Abstract:
Genes provide instructions for the synthesis of functional products, such as, proteins. Gene expression develops the functional products using the instructions encoded in the genes. Gene regulation controls the process of gene expression in a way that it can regulate the increase or decrease of the gene expression resulting in the synthesis of specific functional products. It also controls when or when not to express a particular gene to produce a particular protein. Collection of regulatory elements, such as, genes and their interconnections showing the gene expression levels, are visualized as a Gene Regulatory Network (GRN). GRNs act as a tool for understanding the causation relationships between the genes and proteins representing complex cellular functionalities. Computational biology has laid its main focus nowadays on the reverse engineering or reconstruction of GRNs from gene expression data to decode the complex mechanism of the cellular functionalities. These efforts have resulted in improved and more precise diagnostics and therapeutics. Microarray technology of analyzing gene expressions calculates expression of thousands of genes simultaneously under different conditions, like, control or disease conditions. It helps in identifying over-expressed genes likely to be associated with the disease.

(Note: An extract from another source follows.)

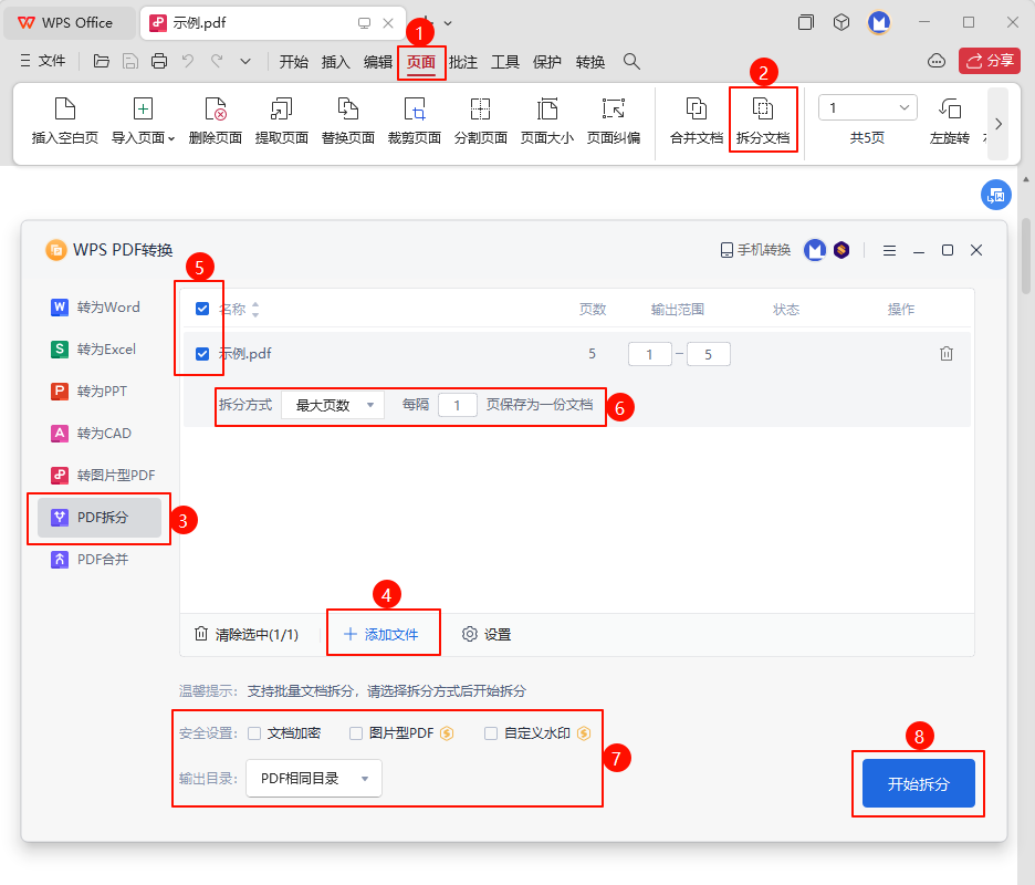 【WPS】PDF拆分 2024-5-11 20:24 | 2,389 | 0 | WPS 105 字 | 1 分钟内 1. 功能简介 把一个PDF文件分割成多个PDF文件。支持操作页面范围、拆分方式和输出目录的设置。 2. 是否收费 是。WPS会员专享。 3. 操作步骤 WPS → 页面 → 拆分文档 → (按需,添加文件) → (按需,设置输出选项,如:输出目录等) → 开始拆分。 赞赏
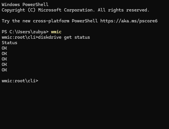 wmic diskdrive get status

Multiple approaches to reconstruct GRNs from gene expression data, apply various techniques, such as, distance measures, correlations, mutual information algorithms, dynamic and quantitative probabilities. These approaches result in identifying symmetric and diagonal gene pair interactions. Symmetric gene pair interactions cannot be modeled as direct activation and inhibition interactions. Moreover, diagonal nature shows that a gene cannot self-regulates itself, which is also contradictory with the true nature of gene pair regulatory interactions. Compromising the true asymmetric and non-diagonal nature of the actual gene pair regulatory interactions, can lead to incomplete and inferior predictions. To our knowledge, no such complete model exists to generate GRN representing all possible network motifs between gene pairs, such as, activation, inhibition and self-regulations. The proposed approach, named as, Multivariate Covariance Network (MCNet), aims at reconstructing GRN applies multivariate co-variance analysis and Principal Component Analysis (PCA) to identify asymmetric and non-diagonal gene interactions. The GRN developed using the MCNet approach holds all the possible network motifs, representing all kinds of gene-pair regulatory interactions (i.e., positive and negative feedback loops as well as self-loops). The asymmetry is achieved by computing the distance measure of the genes with respect to the eigen values of the related genes showing variable behaviors under different conditions. PCA in the MCNet approach selects gene-pair interactions showing maximum variances in gene regulatory expressions. Asymmetric gene regulatory interactions help in identifying the controlling regulatory agents, thus, lowering the false positive rate of interacting genes by minimizing the connections between previously unlinked network components.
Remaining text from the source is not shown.